Following the Sept. 11 terrorist attacks, Congress passed a sweeping overhaul of policies that allowed extensive electronic surveillance. A source of controversy ever since, the Patriot Act has been both lauded for thwarting attacks in their planning stages and criticized for allowing the National Security Agency to collect Americans' call records. Now, following the attacks in Paris on Friday, it seems that the EU and France may pass Patriot Act-like surveillance laws, bringing the debate between security and personal privacy to a head in Europe.
On Monday, a day after French air raids began to strike ISIS' stronghold Raqqa, French President Francois Hollande declared "France is at war" and called for sweeping changes to the country's constitution that would allow the government to take "exceptional" security measures. He said he would look to the courts for help in expanding surveillance and pass legislation allowing police and security forces to conduct raids on terrorists without a warrant. He also hopes to be able to take away French citizenship from any citizens who are convicted of terrorism and already hold another passport.

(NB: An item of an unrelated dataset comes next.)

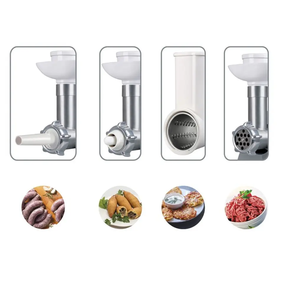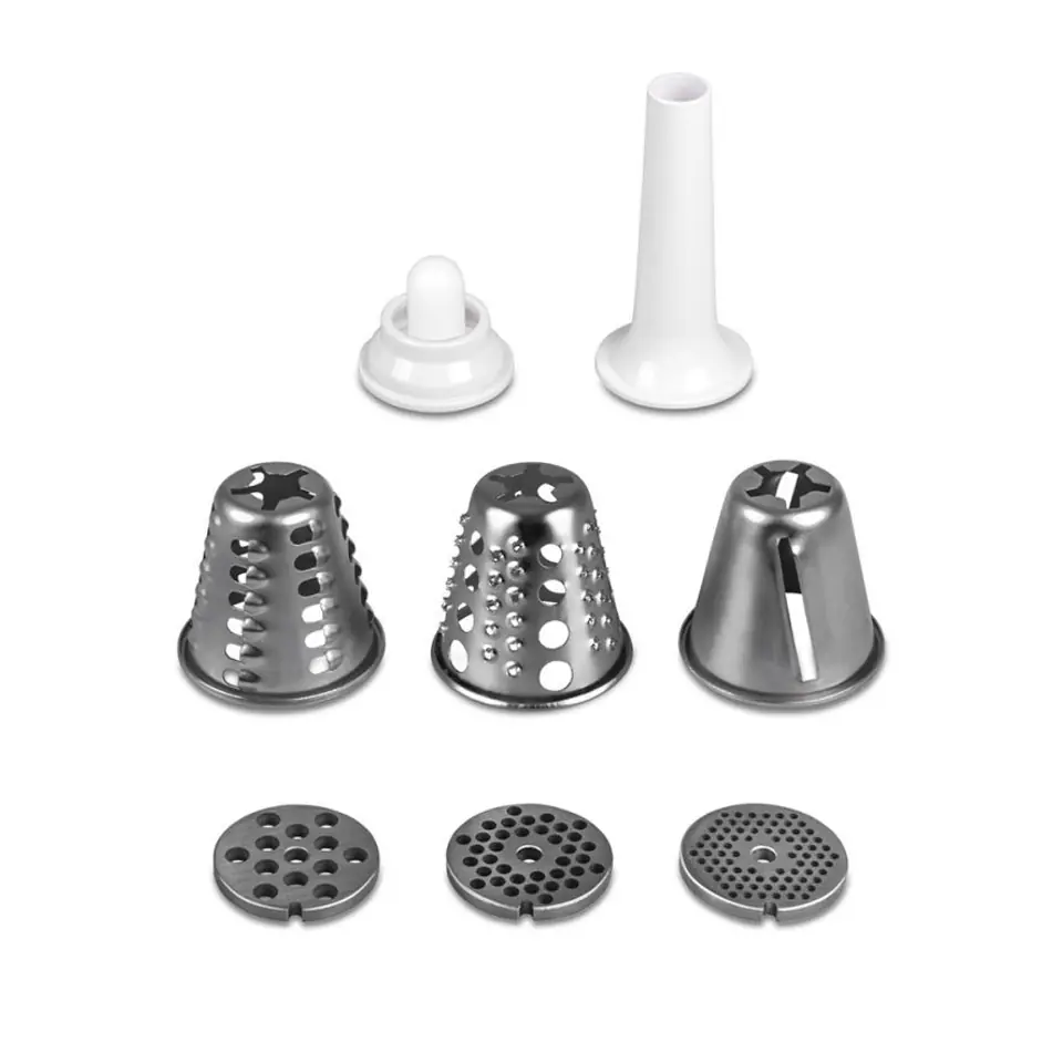 - bogate wyposażenie: 3 sita (3 mm, 5 mm, 8 mm)+ 3 tarki (do ziemniaków, grube wiórki, plastry)+ zestaw do kebbe+ zestaw masarski

Meanwhile in Brussels, conservatives in the European Union parliament are pushing for legislation to share airline passenger information among its 28-member countries to identify terrorists. The Guardian also reports France will ask EU interior ministers on Friday to bolster shared borders by sending European border guards to the Greek-Turkish border. They want everyone entering Europe to be checked against databases for links with terrorism. Their demands for Europe also include more limits on weapon sales and cash transactions that could funnel money to terrorism.
Taken together, these policy proposals have much in common with the United States' Patriot Act. The law, passed in Oct. 2011, less than two months after 9/11, allowed for many of these same measures. The Patriot Act increased the tools of surveillance available to law enforcement, taking new technology into account, and it allowed the government to delay telling potential terrorists that they were under a search warrant, allowing police and intelligence agencies to investigate without tipping off the suspects. In lesser scrutinized sections, it also increased border security and focused on potential money laundering to fund terrorism.
Given the past criticism of the Patriot Act by Europeans, the similarities are striking. Edward Snowden's NSA leaks in 2013, revealed that the the surveillance agency monitored transmissions between various data centers of internet giants, among them Yahoo and Google. Last month, the European Court of Justice struck down an agreement that allowed European citizens' data to be moved to the United States out of fear that their information would land in the hands of the NSA. The potential surveillance, the court found, violated Europeans' privacy rights.
After the Charlie Hebdo attacks in Paris, France took similar moves to broaden its surveillance abilities. In May, a law passed in the French parliament that allowed broad domestic surveillance with little judicial oversight. The law forces Internet companies to permit the government to look through all of their customers' communications. It allowed for the large collection of data that the NSA came under fire for. Immediately after the attack, the idea of such a law was ridiculed in France. In July, Amnesty International called the law "a major blow to human rights" in the country. More than 82 percent of French citizens found the United States' surveillance of its citizens unacceptable, according to a 2014 Pew Global Attitudes survey. They likely would feel the same way about being spied on by their own government.
The Patriot Act has also been controversial in the United States. The Obama Administration faced pushback when trying to renew it for the second time this spring. It even expired for a day at the beginning of June before Congress passed the Freedom Act, which renewed much of the Patriot Act while limiting bulk data collection by the NSA. That pushback, though, came nearly 14 years after the Sept. 11 attacks. Even this year, 61 percent of Americans supported its renewal, even though many would like further limits on phone and Internet data the government can collect from them.
Whether France and Europe can find a balance between security and personal privacy will be decided in the weeks to come. If America's experience after a large-scale terrorist attack is any guide, the balance will likely shift in favor of security.